Professor Michael Jordan of MIT's Department of Brain and 
Cognitive Science spoke on "Adaptive Networks for Motor 
Control and Robotics."  There has been much progress in this 
field over the last five years, but neural nets do not 
represent a revolutionary breakthrough.  The "Inverse 
Problem" in control theory is classical:  find the control 
sequence which will drive the system from the current state 
to the goal state.  It is well known from Cybernetics that 
the controller must compute (directly or recursively) an 
inverse model of the forward system.  This is equivalent to 
the problem of diagnosing cause from effect.  The classical 
solution is to build a  model of the forward system and let 
the controller learn the inverse through unsupervised 
learning (playing with the model).  The learning proceeds 
incrementally, corresponding to backpropagation or gradient 
descent based on the transposed Jacobian (first derivative).  
This is essentially how humans learn to fly and drive using 
simulators.

Danny Hillis, Founding Scientist of Thinking Machines 
Corporation, captured the audience with a spellbinding talk 
on "Intelligence as an Emergent Phenomenon."  Danny began 
with a survey of computational problems well-suited to 
massively parallel architectures--matrix algebra and parallel 
search.  He uses the biological metaphor of evolution as his 
model for massively parallel computation and search.  Since 
the evolution of intelligence is not studied as much as the 
engineering approach (divide and conquer) or the biological 
approach (reverse engineer nature's best ideas), Danny chose 
to apply his connection machine to the exploration of 
evolutionary processes.  He invented a mathematical organism 
(called a "ramp") which seeks to evolve and perfect itself.  
A population cloud of these ramps inhabits his connection 
machine, mutating, evolving, and competing for survival of 
the fittest.  Danny's color videos show the evolution of the 
species under different circumstances.  He found that the 
steady state did not generally lead to a 100 percent 
population of perfect ramps.  Rather 2 or more immiscible 
populations of suboptimal ramps formed pockets with seething 
boundaries.  He then introduced a species of parasites which 
attacked ramps at their weakest points, so that stable 
populations would eventually succumb to a destructive 
epidemic.  The parasites did not clear the way for the 
emergence of perfect and immune ramps.  Rather, the 
populations cycled through a roiling rise and fall of 
suboptimal ramps, still sequestered into camps of Gog and 
Magog.  The eerie resemblance to modern geopolitics and 
classical mythology was palpable and profound.
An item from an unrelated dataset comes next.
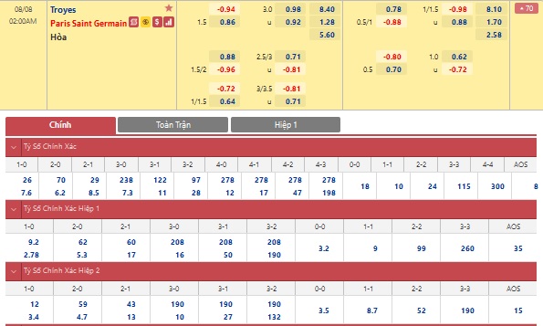 Chu kỳ lên xuống tỉ lệ kèo Troyes vs Paris Saint-Germain

Professor John Wyatt of the MIT Department of Electrical 
Engineering and Computer Science closed the first day's 
program with a talk on "Analog VLSI Hardware for Early 
Vision:  Parallel Distributed Computation without Learning."  
Professor Wyatt's students are building analog devices that 
can be stimulated by focusing a scene image onto the surface 
of a chip.  His devices for image processing use low 
precision (about 8 bits) analog processing based on the 
inherent bulk properties of silicon.  His goal is to produce 
chips costing $4.95.  One such chip can find the fixed point 
when the scene is zoomed.  (Say you are approaching the back 
of a slow moving truck.  As the back of the truck looms 
larger in your field of view, the fixed point in the scene 
corresponds to the point of impact if you fail to slow down.)  
Identification of the coordinates of the fixed point and the 
estimated time to impact are the output of this chip.  
Charged-coupled devices and other technologies are being 
transformed into such image processing devices as stereo 
depth estimation, image smoothing and segmentation, and 
motion vision.

The second day of the symposium focused on the Japanese, 
European, and American perspectives for the development and 
application of neural nets.

Professor Shun-ichi Amari of the Department of Mathematical 
Engineering and Information Physics at the University of 
Tokyo explored the mathematical theory of neural nets.  
Whereas conventional computers operate on symbols using 
programmed sequential logic, neural nets correspond more to 
intuitive styles of information processing--pattern 
recognition, dynamic parallel processing, and learning.  
Professor Amari explored neural network operation in terms of 
mathematical mapping theory and fixed points.  Here, the 
fixed points represent the set of weights corresponding to 
the stable state after extensive training.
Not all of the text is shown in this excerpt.